Du Beralhène ! Ha ! Non !  On va tous y passer si on mange cette saloperie !

Le responsable du supermarché, appelé en renfort par la caissière infléxible, n’avait rien voulu savoir. Hélène était retournée chez elle. Maintenant le pot de fromage blanc lui faisait face sur la table de la cuisine, altier.

     Elle avait pensé l’offrir à Sandrine, mais on n’offre pas du fromage blanc. Le jeter était contre ses principes écologiques. Alors elle  avait composé frénétiquement le numéro de téléphone du bureau de son mari, en raccrochant avant la première sonnerie, recommançant une quinzaine de fois, convulsivement, parce qu’elle savait qu’elle n’avait pas le droit de le déranger pour une bêtise pareille. Puis, oubliant totalement son repassage, elle était restée tétanisée toute l’après-midi, face au porteur de  Beralhène qui semblait lui hurler victoire…

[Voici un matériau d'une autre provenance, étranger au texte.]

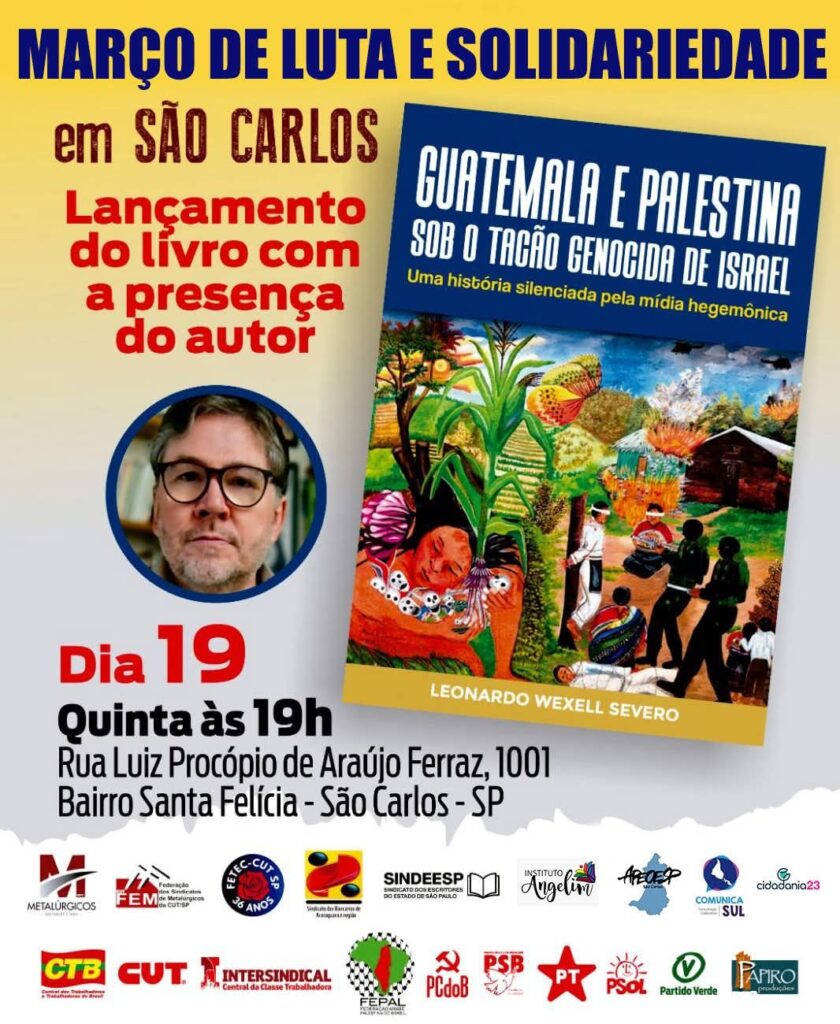 O Sindicato dos Metalúrgicos de São Carlos e Ibaté e a Federação Estadual dos Metalúrgicos lançam na quinta-feira (19), às 19 horas, o livro-reportagem “Guatemala e Palestina sob o tacão genocida de Israel – Uma história silenciada pela mídia hegemônica”, do jornalista Leonardo Wexell Severo.
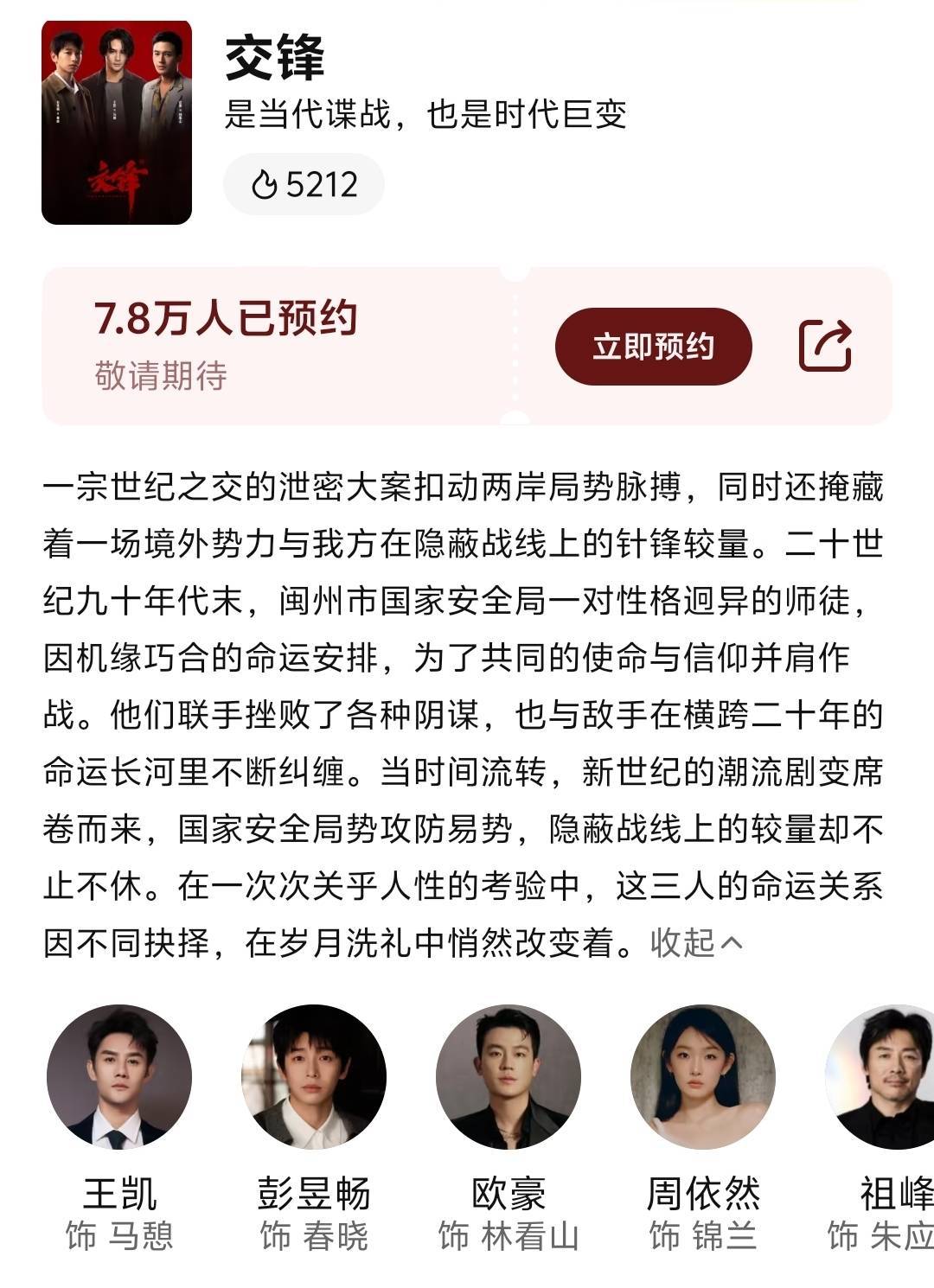 王小枪则以《对手》获奖编剧的笔力,将境外间谍渗透、核心机密守护等现实议题融入剧情,让每集反转都带着现实的棱角——欧豪饰演的"儒商"林看山,表面是商圈精英,实则是潜伏二十年的"北风"间谍,他切换正邪两面仅靠眼神微变,与王凯的对手戏如暗流对撞,被观众称为"没有硝烟的战场"。
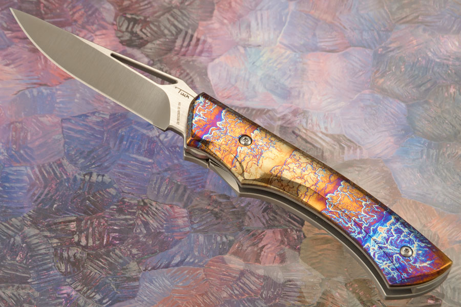LEXK CFL Framelock Front Flipper with Copper Dark Matter FatCarbon Inlay - Satin Finish, Drop Point - Elmax
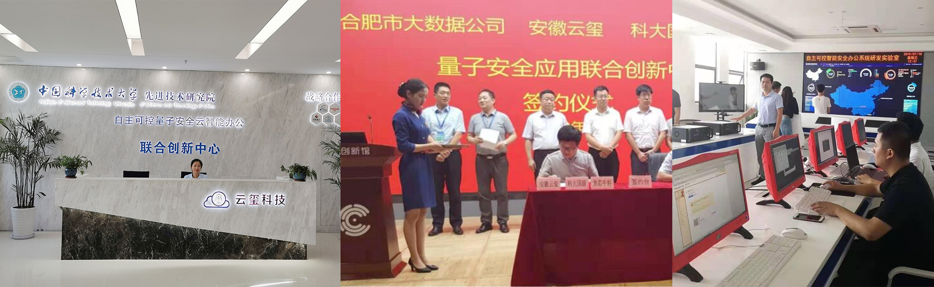 自主可控量子安全云智能辦公聯(lián)合創(chuàng)新中心由云璽量子科技、市大數(shù)據(jù)公司、科大國盾和龍芯中科聯(lián)合成立,共同開展大數(shù)據(jù)+量子安全應(yīng)用相關(guān)方向研究及量子安全應(yīng)用產(chǎn)品試點(diǎn)推廣。截至目前,該中心已經(jīng)合作研發(fā)覆蓋云、管、端的產(chǎn)品。
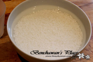 1.ก่อนที่จะปั้นไส้ให้เอาเม็ดสาคูมาแช่น้ำก่อนค่ะ ใช้น้ำอุณหภูมิปกติแช่ทิ้งไว้ประมาณ 30 นาที
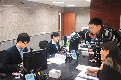 北京市公安局出入國手続センターでビザ発給手続きを行う市民
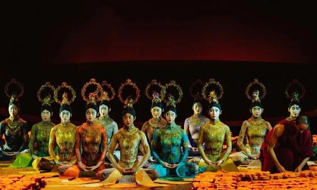 这部“颠覆想象”的舞剧以杨氏美学讲述东方哲思,用东方的轮回演绎生命的意义。与大多数《春之祭》版本只留黑、白、灰、红的极简美学相反,杨丽萍版《春之祭》的设计具有浓烈的杨氏东方美学风格:朱红、漆黑、钴蓝、土黄的浓烈色块,铺满地面的六字真言,度母光环上镶嵌的宝石,舞者的荧光指套,闭目时眼皮上绘着的佛眼……
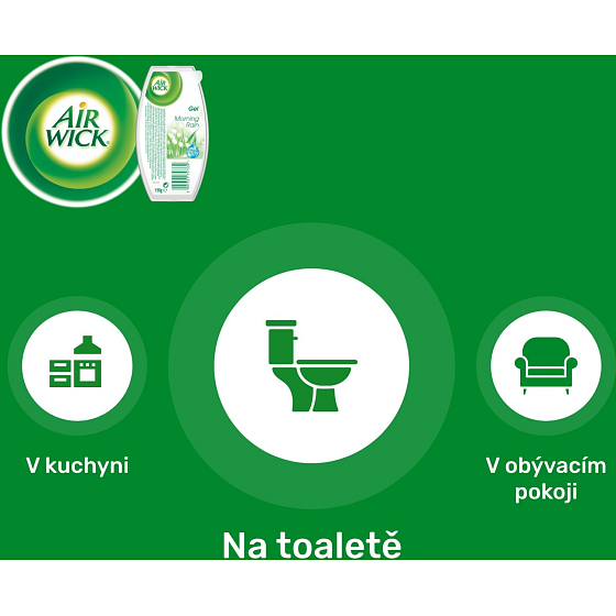 Der Air Wick Duftpaste mit dem Duft von Morgentau. Der frische Duft von Morgentau hilft, Gerüche zu beseitigen. Überdeckt Gerüche. Frischt die Luft auf.
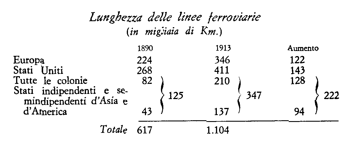 Il più rapido sviluppo capitalistico si verifica nelle colonie e nei paesi transoceanici. Tra essi sorgono nuove potenze imperialistiche (il Giappone). La lotta degli imperialisti mondiali diventa più aspra. Le imprese coloniali e transoceaniche particolarmente redditizie pagano sempre maggiori tributi al capitale finanziario. Nella ripartizione del "bottino" la parte di gran lunga maggiore spetta a paesi che non sempre hanno i primi posti per la rapidità di sviluppo delle forze produttive. La lunghezza delle linee ferroviarie delle maggiori potenze, comprese le loro colonie, ammonta a (migliaia di Km.):
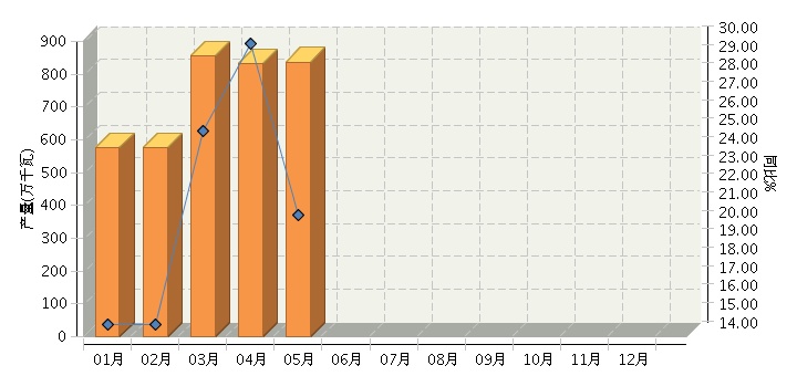 根据国家统计局公布数据,2017年1~5月,全国太阳能电池行业累计完成产量同比增长20.06%。5月份完成产量同比增长20.61%。2017年全国太阳能电池行业月度产量及同比如下图所示。
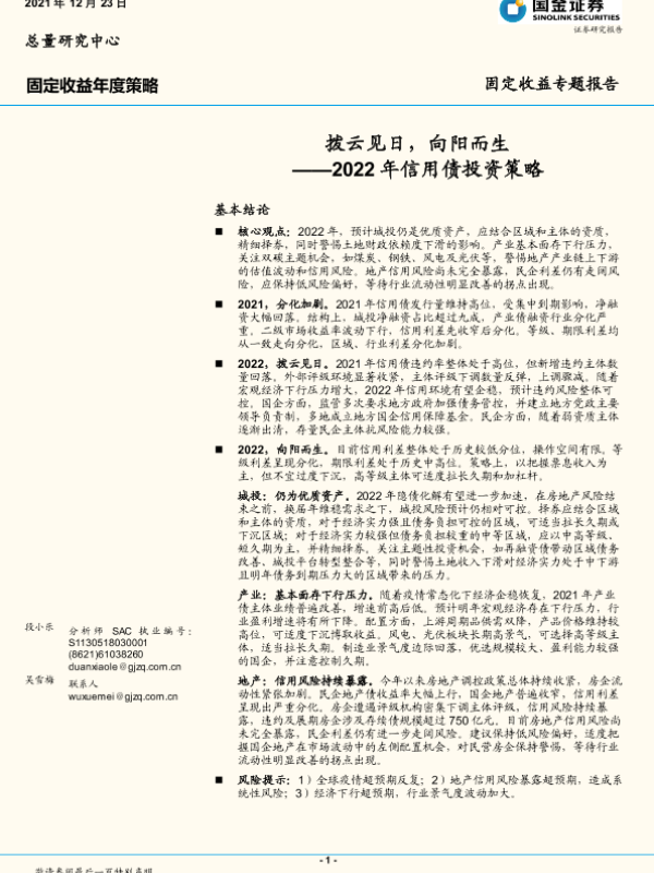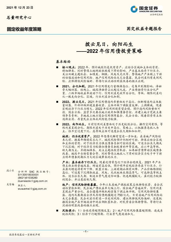 【国金证券】【20211223】2022年信用债投资策略:拨云见日,向阳而生-23页
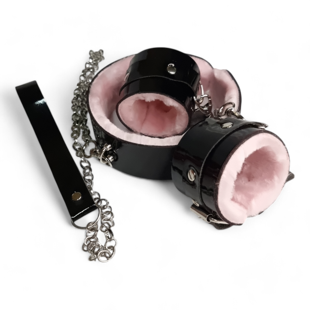 Подарочный набор для фиксации наручники и ошейник с поводком из эко лака черного цвета Flirty Collection
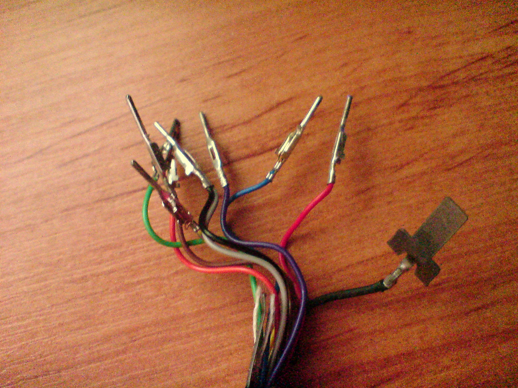 tak to wygląda...kolory kabli to czerwony, niebieski, żółty, pomarańczowy, zielony, brązowy, fioletowy i czarny razem z szarym w jednym pinie. Jest tez jakaś blaszka(widać na zdjęciu) i nie wiem do czego to. Dodam ze pad to dual shock 1.
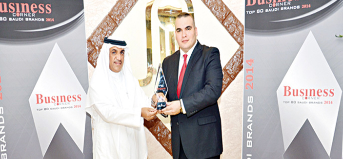 وتسلم الأستاذ بدر بن خلف الشمري الرئيس التنفيذي للشركة الجائزة التقديرية من الأستاذ محمد حميد مدير عام ورئيس تحرير مجلة «بيزنس كورنر الاقتصادية».
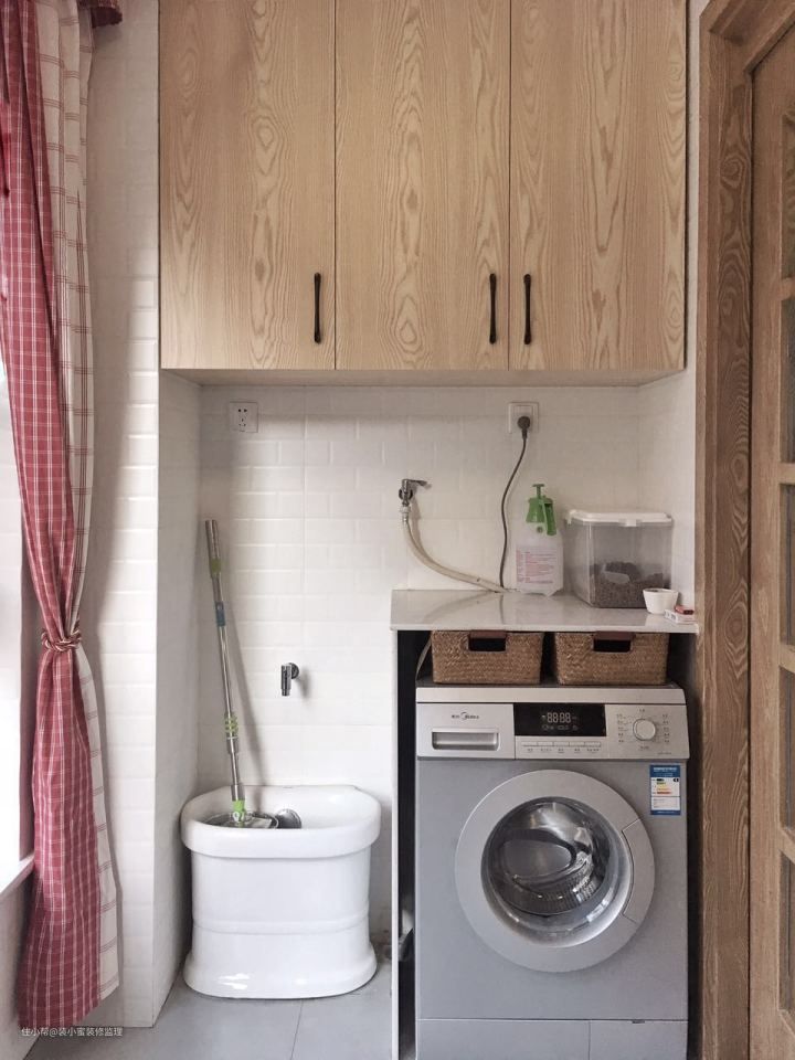 按照阳台、家电的尺寸定制橱柜,可以把洗衣机、烘干机放到柜子里面,整体美观。如果洗衣机高度合适,最简单的做法是加长洗手盆台面,将洗衣机直接放在台面下。
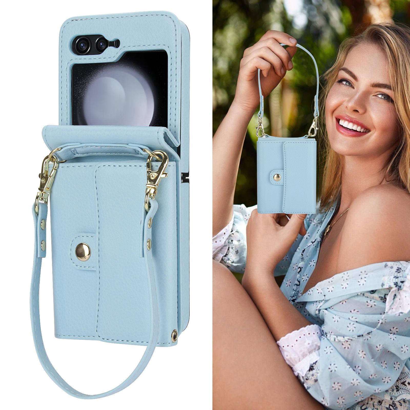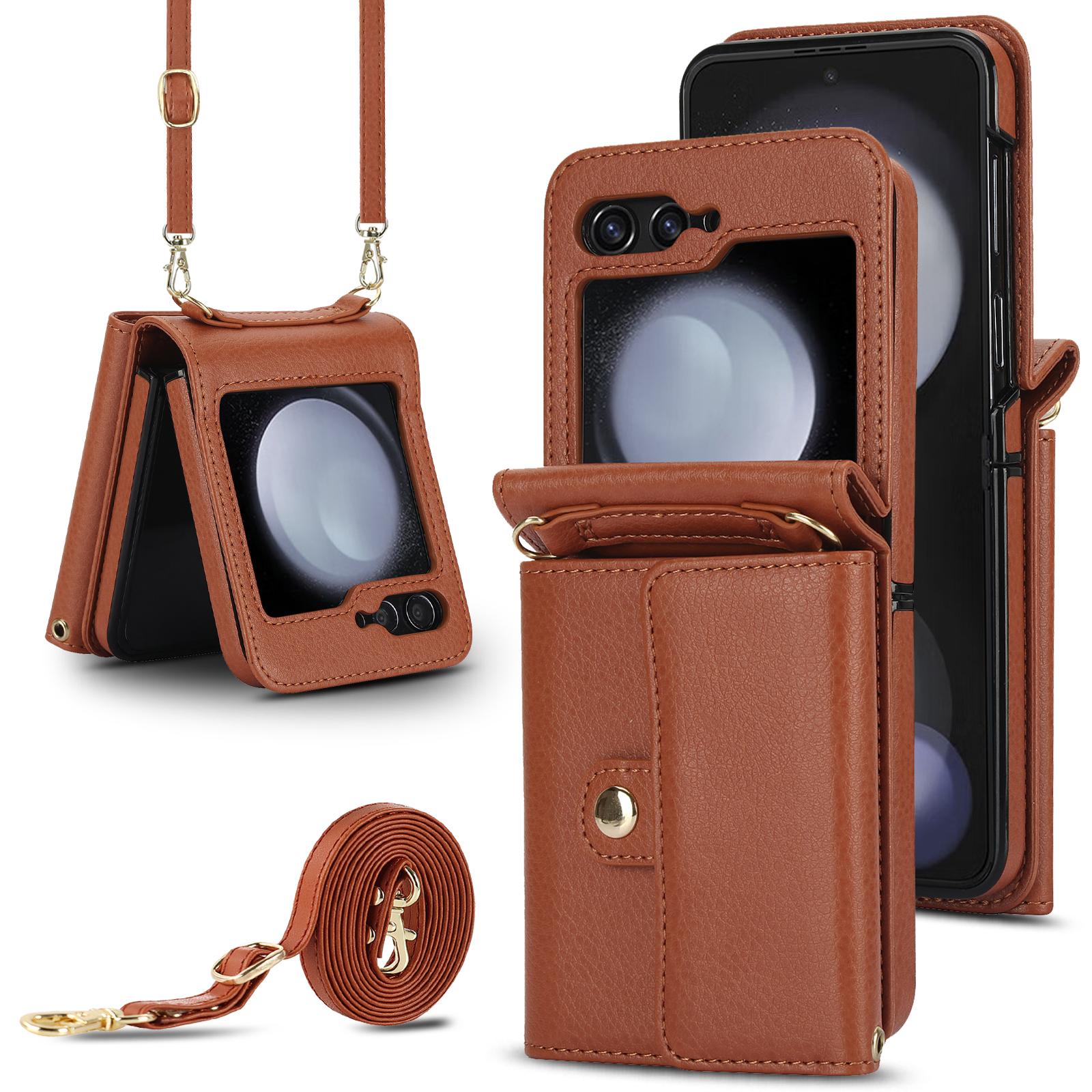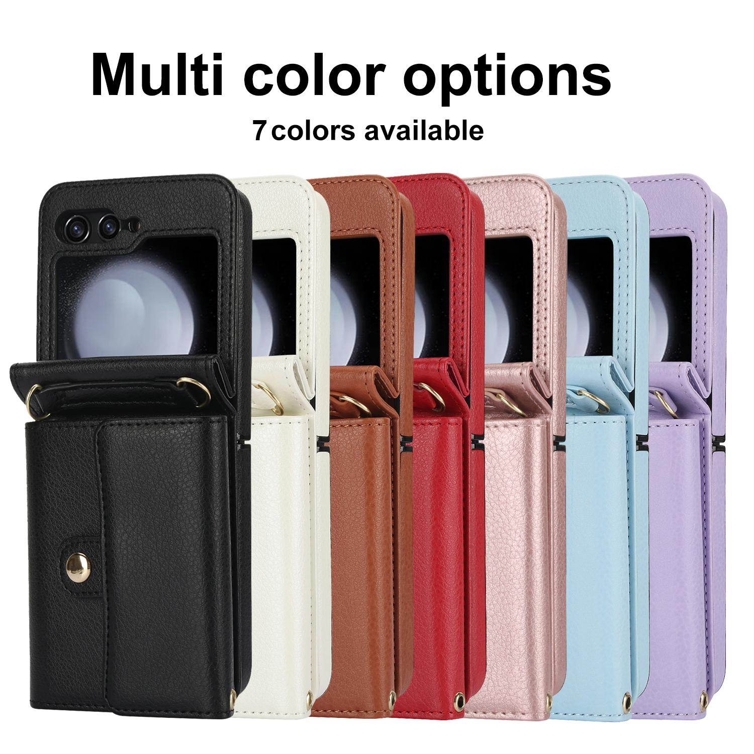 Crossbody Wrist Strap Leather with Card Holder Phone Case for Samsung Galaxy Z Flip 6 5 4 3 Flip6 Flip5 Flip4 Flip3 Wallet Cover

12H07. Hélène range les courses dans les sacoches de son vélo. Elle se remémore tous ses articles, nerveusement, pendant les trente minutes du trajet. Elle est sûre de ne rien avoir laissé au hasard. Et pourtant, ce paquet de lessive ? Ils n’avaient plus celui qu’elle se procurait d’habitude…Une petite angoisse la saisit au plexus.